Labeled data is data that has the information about a target variable for each instance.
Labeled data allows us to train supervised ML algorithms.
What are the most common types of algorithms that use supervised learning?
Most common types supervised learning algorithms:
regression
classification
What are the most common types of algorithms that use unsupervised learning?
Most common unsupervised learning algos:
clustering, dimensionality reduction (PCA), and association-rule mining.
What is the difference between online and offline learning?
Online learning refers to the updating of models as they gain more information.
Offline learning refers to learning by batch processing data. If new data comes in, an entire new batch (including all the old and new data) must be fed into the algorithm to learn from the new data.
What is reinforcement learning?
Reinforcement learning describes a set of algorithms that learn from the outcome of each decision.
e.g., a robot could use reinforcement learning to learn that walking forward into a wall is bad, but turning away from a wall and walking is good.
What is the difference between a model parameter and a learning hyperparameter?
A model parameter describes the final model itself; e.g. slope of a linear regression fit.
A learning hyperparameter describes a way in which a model parameter is learned; e.g. learning rate, penalty terms, number of features to include in a weak predictor.
What is overfitting?
Overfitting is when a model makes much better predictions on known training data than on unseen (validation, test) data.

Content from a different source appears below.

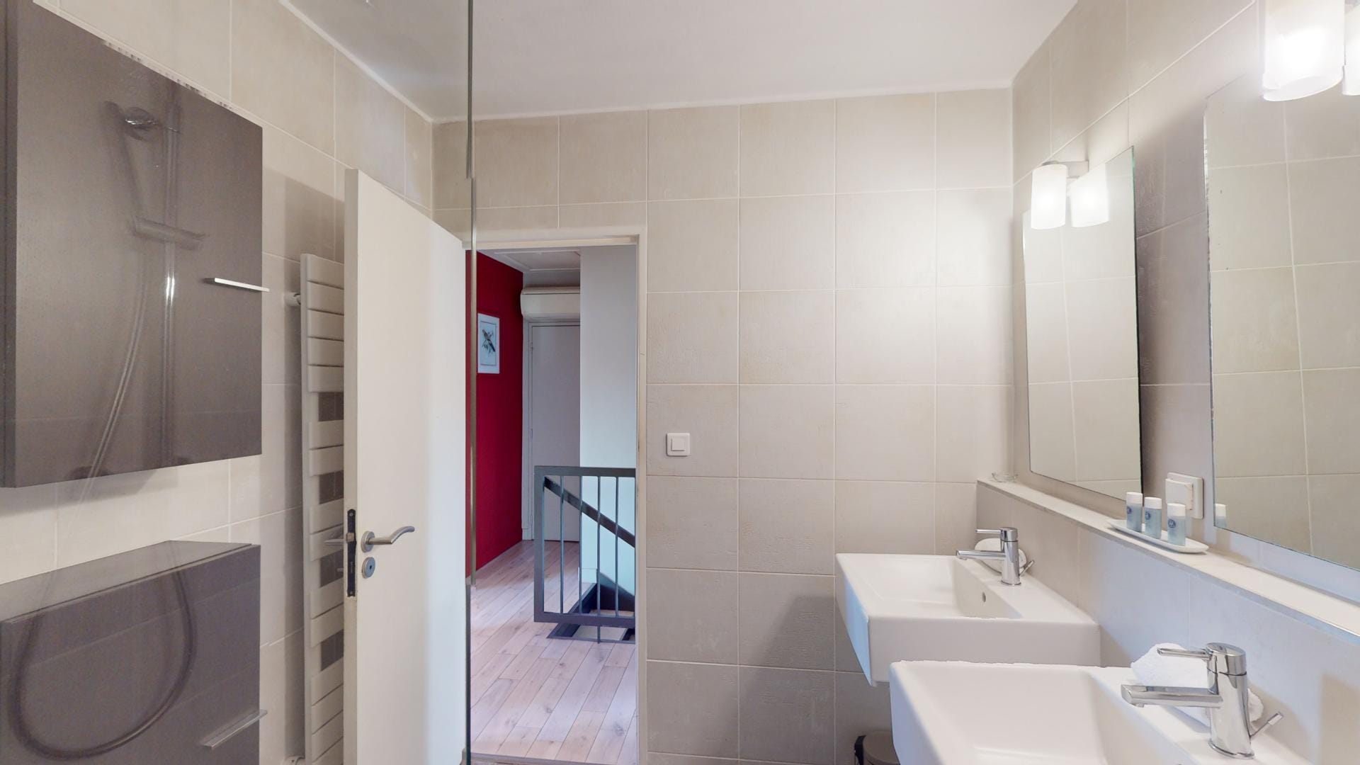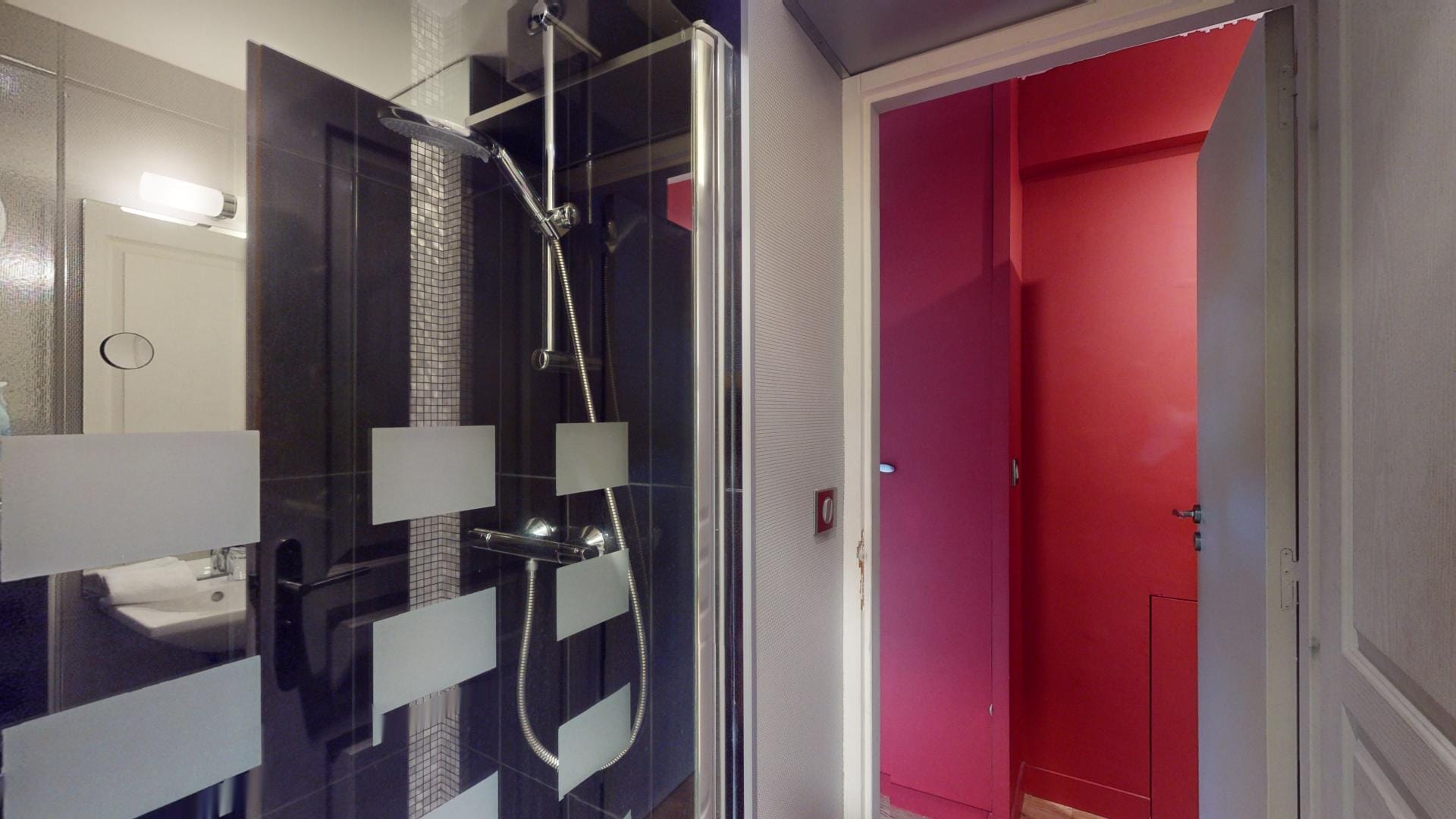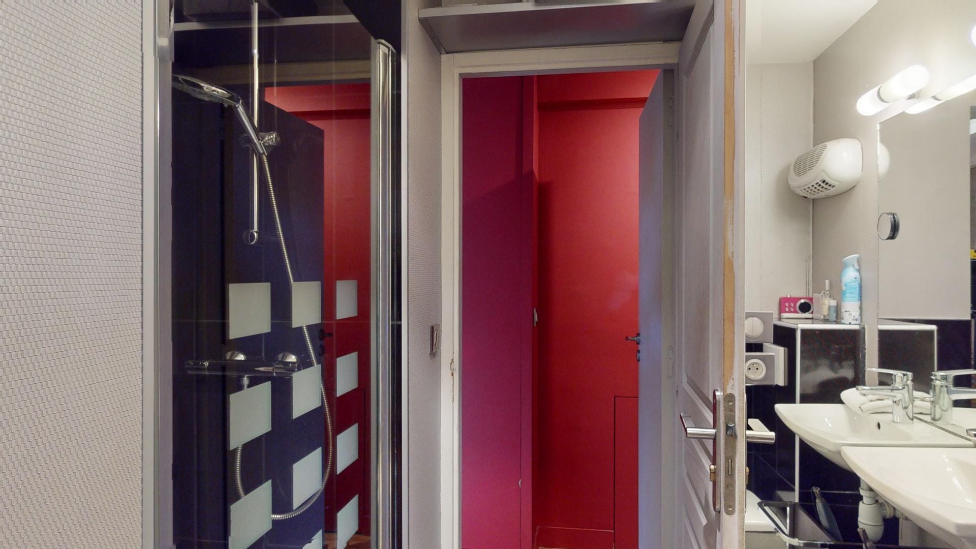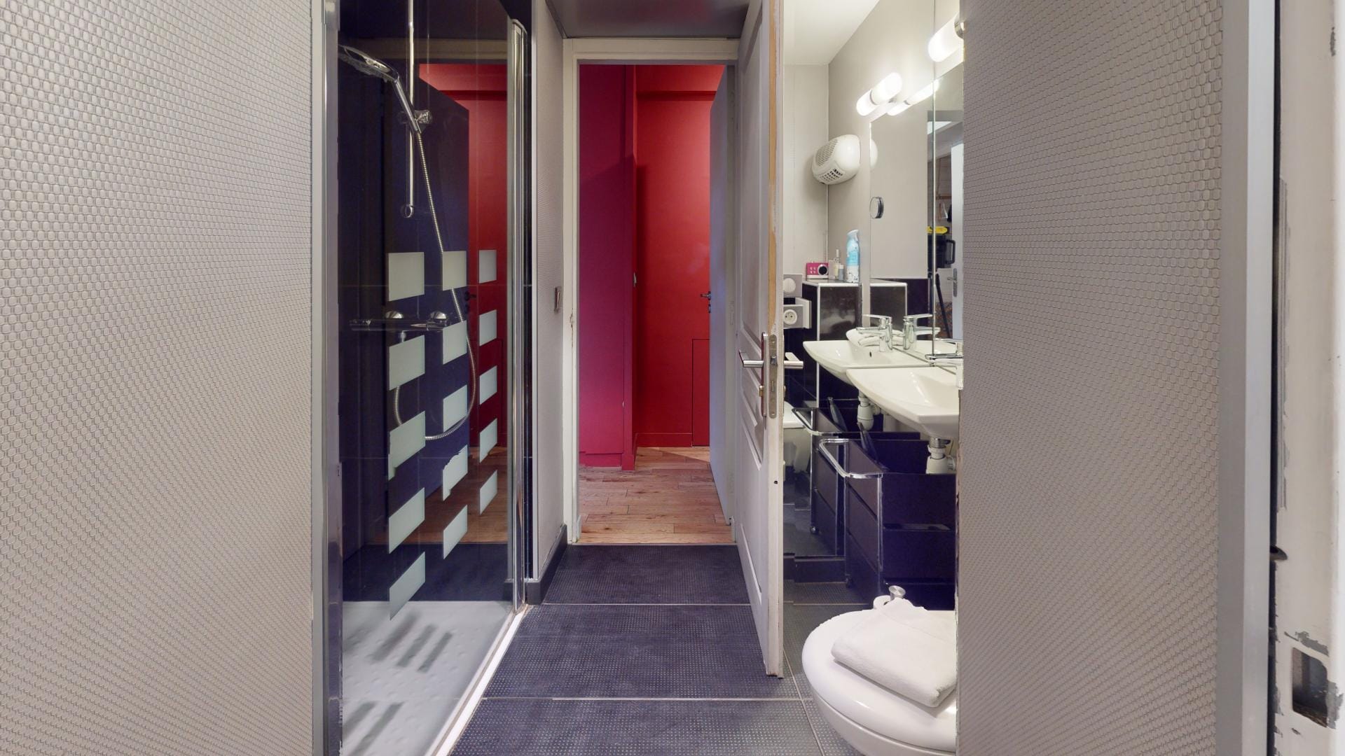 Salle d’eau rez-de-chaussée couleur noire pailleté et gris argent, spot encastré, lave-mains, miroir toute hauteur, toilettes suspendues, radiateur chauffant.

How can we combat overfitting?
Ways to combat overfitting:
a. simplify the flexibility of the model (by changing the hyperparameters)
b. select a different model
c. use more training data
d. gather better quality data
What is training data and what is it used for?
Training data is data which will be used to train the ML model.
For supervised learning, this training data must have a labeled target, i.e. what we are trying to predict must be defined.
For unsupervised learning, the training data will contain only features and will use no labeled targets; i.e. what we are trying to predict is not defined.
What is a validation set and why do we use one?
A validation set is a set of data that is used to evaluate a model’s performance during training/model selection. After models are trained, they are evaluated on the validation set to select the best possible model.
Information from the validation set must never be used to train the model.
It must also not be used as the test data set because we’ve biased our model selection toward working well with this data, even though the model was not directly trained on it.
What is a test set and why use one?
A test set is a data set not used during ML training or validation.
The model’s performance is evaluated on the test set to predict how well it will generalize to new data.
What is cross validation and why is it useful?
Cross validation is a technique for more accurately training and validating models. It rotates what data is held out from model training to be used as the validation data.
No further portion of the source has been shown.